▶ **GOAL OF THE EXERCISE**:
Copy exactly the stretch of lines from the one holding "Чёрный мужчина врач" through the last line of the data below, inclusive. Leave out pictures.

▶ **SUPPLIED INFORMATION**:

⟨

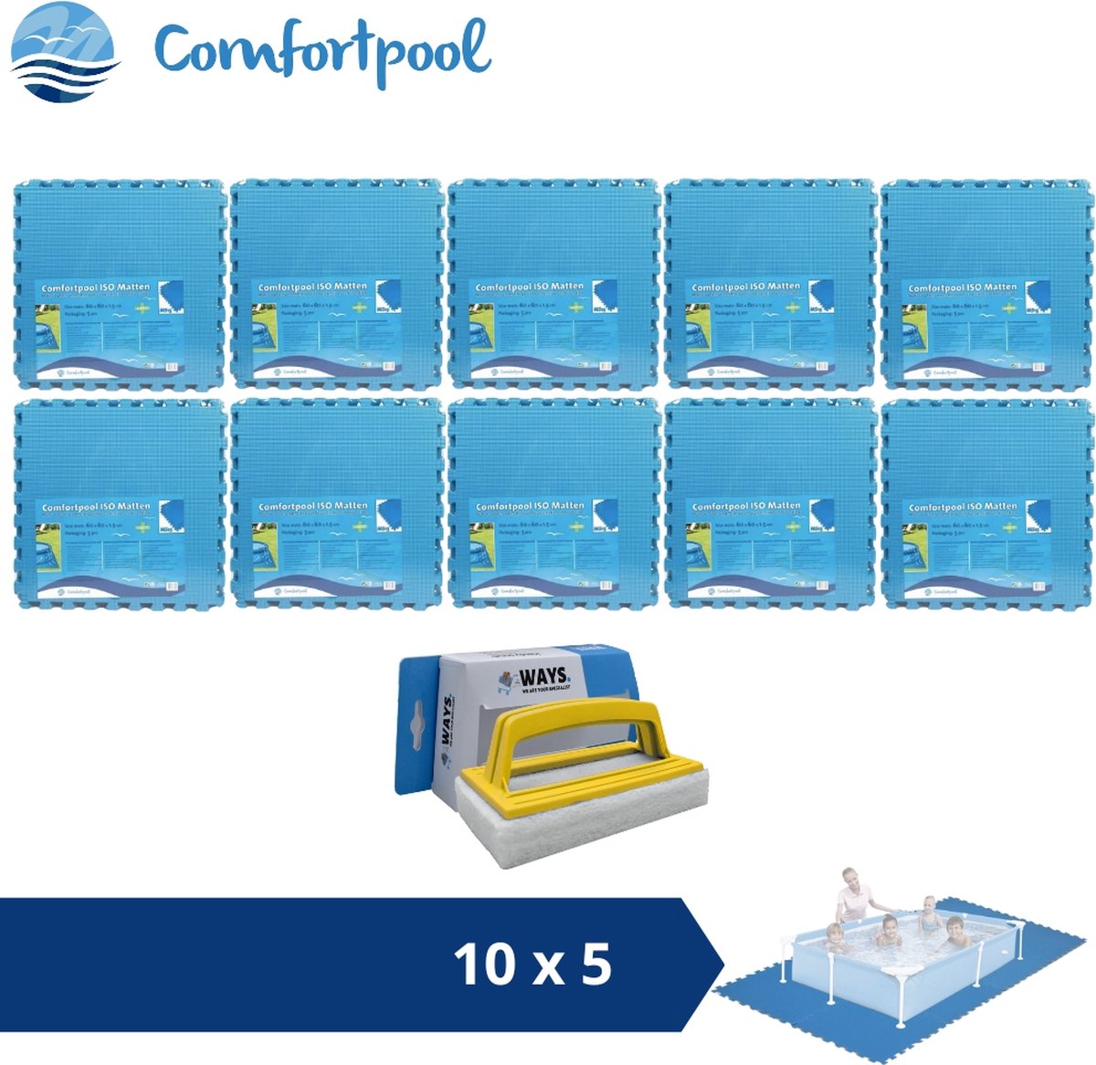 Zwembadtegels - 50x50 cm - (8 stuks per verpakking) - Blauw - 10 stuks - Voordeelverpakking - Inclusief WAYS Testrips (1 stuks)
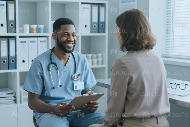 Чёрный мужчина врач консультирует женщину во время медицинской встречи
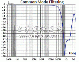 新款CMF滤波器让目标差分信号通过滤波器,但不会破坏差分信号的完整性,同时还能滤除共模信号。共模滤波器的电感特性为差分信号产生最大7 GHz的宽频带,同时为共模信号产生小于100 MHz的窄频带。

⟩

▶ **WRITTEN ANSWER**:
 Чёрный мужчина врач консультирует женщину во время медицинской встречи
 新款CMF滤波器让目标差分信号通过滤波器,但不会破坏差分信号的完整性,同时还能滤除共模信号。共模滤波器的电感特性为差分信号产生最大7 GHz的宽频带,同时为共模信号产生小于100 MHz的窄频带。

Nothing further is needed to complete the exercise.